The sky outside was bright and clear. A mist hung over the woods beneath them. The silence was total. They walked side by side down the hill. Neither of them spoke. Sometimes she glanced at him surreptitiously. He was shorter than she remembered, about the same height as her, perhaps a bit shorter. His eyes that had made such an impression on her, with their dark, almost somber attractiveness, were also different. Milder, kindlier, with an innocence about them that surprised her, but which she quickly found she liked.
“Where are we going?” she asked when they reached the forest.
“In here a little way,” he said.
Then he laughed and looked at her.
“You’re not frightened of me, are you?”
She shook her head.
“Let’s go, then,” he said.
The country was difficult, and he took her hand among the trees.

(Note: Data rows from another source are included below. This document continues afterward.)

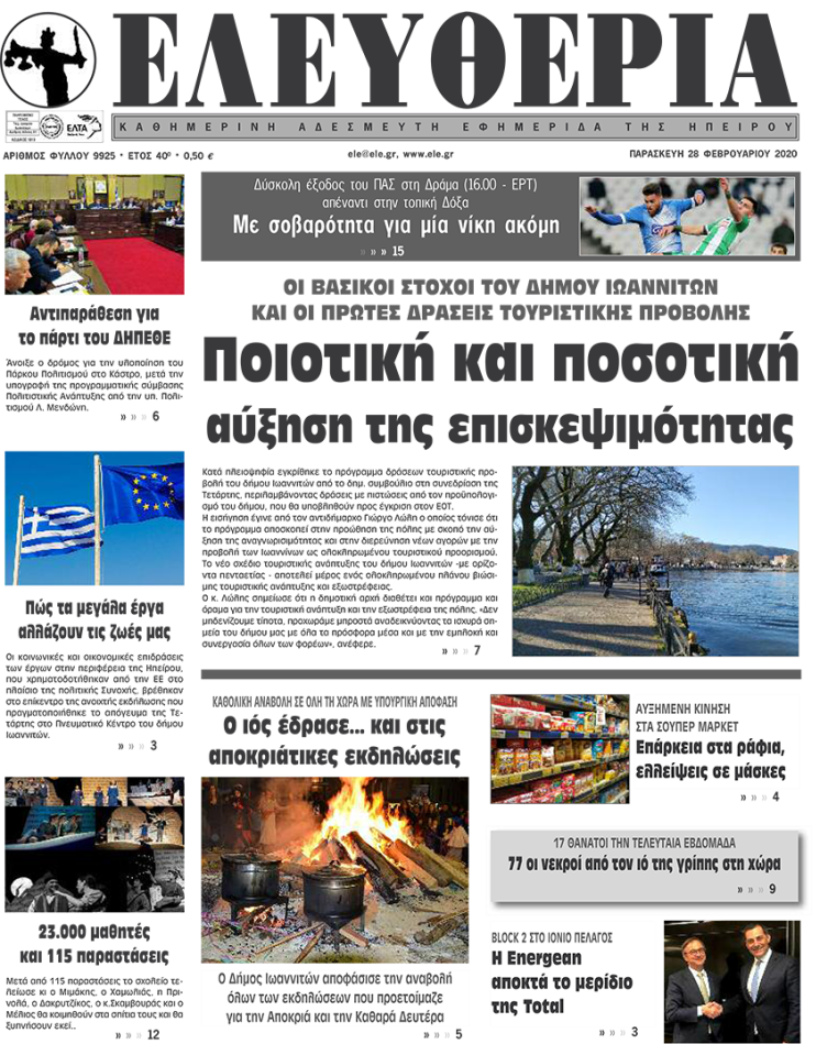 ΑρχικήΕΙΔΗΣΕΙΣΗΠΕΙΡΟΣ ΗΠΕΙΡΟΣ Τα πρωτοσέλιδα των γιαννιώτικων εφημερίδων 28.02.2020 246 FacebookTwitterWhatsAppEmailΤυπώνωViber Διαβάστε στα πρωτοσέλιδα των γιαννιώτικων εφημερίδων σήμερα, Παρασκευή 28 Φεβρουαρίου. TagsΓΙΑΝΝΙΩΤΙΚΕΣ ΕΦΗΜΕΡΙΔΕΣΠΡΩΤΟΣΕΛΙΔΑ FacebookTwitterWhatsAppEmailΤυπώνωViber Προηγούμενο άρθρο25 εικαστικοί με αναπηρία «Ταξιδεύουν την Τέχνη» στα ΙωάννιναΕπόμενο άρθροΤα Διαχειριστικά Σχέδια Βόσκησης απασχολούν τη Βουλή ΣΧΕΤΙΚΑ ΑΡΘΡΑ Τα πρωτοσέλιδα των γιαννιώτικων εφημερίδων TOP STORIES 14.01.2026 Τα πρωτοσέλιδα των γιαννιώτικων εφημερίδων ΗΠΕΙΡΟΣ 13.01.2026 Τα πρωτοσέλιδα των γιαννιώτικων εφημερίδων ΗΠΕΙΡΟΣ 11.01.2026 Τα πρωτοσέλιδα των γιαννιώτικων εφημερίδων ΗΠΕΙΡΟΣ 09.01.2026 Τα πρωτοσέλιδα των γιαννιώτικων εφημερίδων ΗΠΕΙΡΟΣ 08.01.2026 Τα πρωτοσέλιδα των γιαννιώτικων εφημερίδων ΗΠΕΙΡΟΣ 06.01.2026 ΣΤΗΝ ΙΔΙΑ ΚΑΤΗΓΟΡΙΑ Μήνυμα προσφοράς από την εθελοντική αιμοδοσία στην ενορία Περιβλέπτου ΗΠΕΙΡΟΣ 14.01.2026 Παράταση των εργασιών μέχρι τον Σεπτέμβριο ΗΠΕΙΡΟΣ 14.01.2026 Πυρ ομαδόν για τις περιβαλλοντικές επιπτώσεις ΗΠΕΙΡΟΣ 14.01.2026 Στην αγορά για αναζήτηση χώρων στάθμευσης ΗΠΕΙΡΟΣ 14.01.2026 «Οδηγός» για το Βελισσάριο, το Πάρκο Πυρσινέλλα ΗΠΕΙΡΟΣ 14.01.2026 Νικητής ο Δήμος στο μπρα ντε φερ με την Περιφέρεια ΗΠΕΙΡΟΣ 14.01.2026 ΜΗ ΧΑΣΕΤΕ Πυρ ομαδόν για τις περιβαλλοντικές επιπτώσεις Στην αγορά για αναζήτηση χώρων στάθμευσης «Οδηγός» για το Βελισσάριο, το Πάρκο Πυρσινέλλα Νικητής ο Δήμος στο μπρα ντε φερ με την Περιφέρεια Γ. Πρέντζας στον Α. Καχριμάνη: «Ένα ρουσφέτι είναι πάρτο πίσω!» ΔΗΜΟΦΙΛΗ Κρίσιμο τεστ επιβίωσης στην Καβάλα για τον ΠΑΣ Γιάννινα Τα πρωτοσέλιδα των γιαννιώτικων εφημερίδων Παράταση των εργασιών μέχρι τον Σεπτέμβριο Στην αγορά για αναζήτηση χώρων στάθμευσης Νικητής ο Δήμος στο μπρα ντε φερ με την Περιφέρεια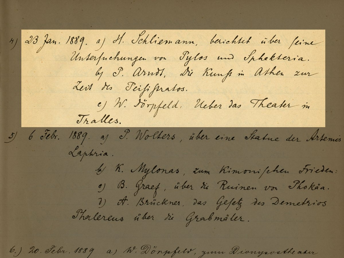 Fig. 1: Entry in the minutes of a meeting at the DAI Athens in the newly built Institute on January 23, 1889, which featured a talk by Schliemann. © Archiv DAI Athen, Institutsgeschichte// N.N.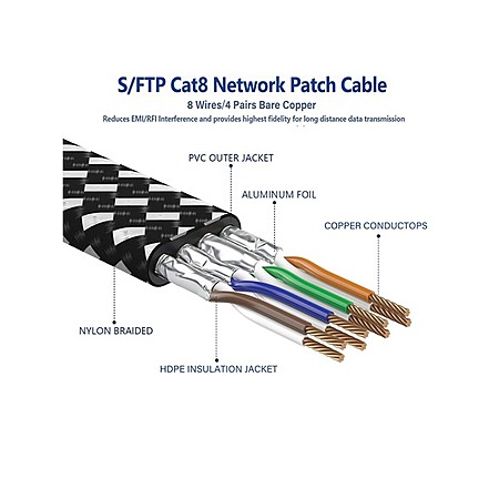 - Likely just a generic copper (or copper‑clad aluminum if you're unlucky) patch cord that sometimes works fine at 1 Gbit, maybe 2.5/5 Gbit on a short run, but absolutely not verified Cat 8 and definitely not magical 40Gbps over 50 ft.

It was warm and dry. They jumped a stream, they pushed through a belt of densely packed spruce trees, they crossed small hummocks and ridges, rounded a small tarn, and went into the forest on the other side, where at last he stopped, laid one hand on her shoulder, and brought the forefinger of the other to his lips.
He crouched down and motioned her to do the same.
“Can you see it?” he whispered.
She shook her head.
But then she did. Three fox cubs pushed their heads out of their earth and stared at them. They were quite motionless. Even their eyes were still.